Родители жалели Венькину мать и каждый раз, когда тот заходил ко мне в их присутствии, старались чем-нибудь его угостить – усаживали ужинать или совали на прощание что-нибудь вкусное вроде шоколадных конфет или бутерброда. А Марью Игнатьевну отец не жаловал, морщился, когда та заходила, – не интересовали его все эти чужие дела. Матери же он говорил, что от такой доверительности добра не будет, неизвестно еще, что она про них самих плетет.

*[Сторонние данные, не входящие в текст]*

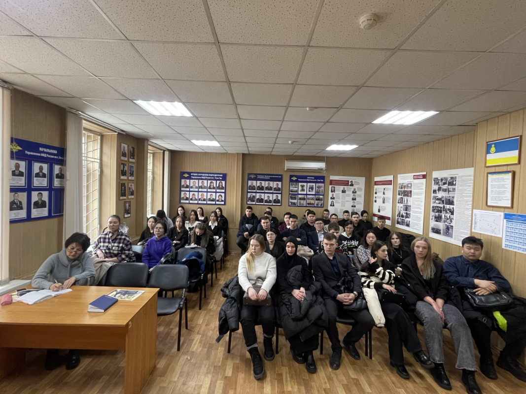 С будущими юристами встретились руководство и младший офицерский состав Управления. Сотрудники МВД провели беседу со студентами, ответили на интересующие их вопросы. Студентов познакомили со структурой учреждения и работой каждого подразделения: следственным управлением, дежурной частью, отделом дознавателей. Некоторые студенты задумались о том, чтобы начать свою трудовую деятельность в рядах полиции.
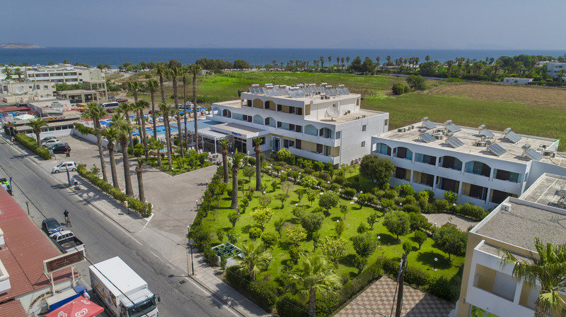 Das Hotel liegt ca. 200 m vom Kies-/Sandstrand entfernt. Das Ortszentrum von Kos, mit vielzähligen Einkaufs- und Unterhaltungsmöglichkeiten, erreichen Sie nach ca. 11 km. Der Flughafen von Kos liegt in ca. 15 km Entfernung.

Я в россказни Марьи Игнатьевны не особенно вслушивался, но про Веньку все-таки невольно улавливал, вернее, про то, что касалось его матери и отца. Тут все было близко и смутно, как бы и меня касалось, через Веньку.
«Свобода», «рабство» – нечто отвлеченное, неосязаемое, однако в слове «раб» и вправду было что-то крайне неприятное, корябающее. Впрочем, и сумма, которую я отныне был должен Веньке, казалась почти неправдоподобной, как, впрочем, и все, что предшествовало катастрофе. Точно катастрофа. Обвал, землетрясение. Мы еще сидели за их небольшим обеденным столом, покрытым светло-коричневой скатертью, Венька – бледный, с красными, будто опаленными глазами, весь сжался, будто изготовившись к прыжку, а мир между тем трещал и разваливался на куски.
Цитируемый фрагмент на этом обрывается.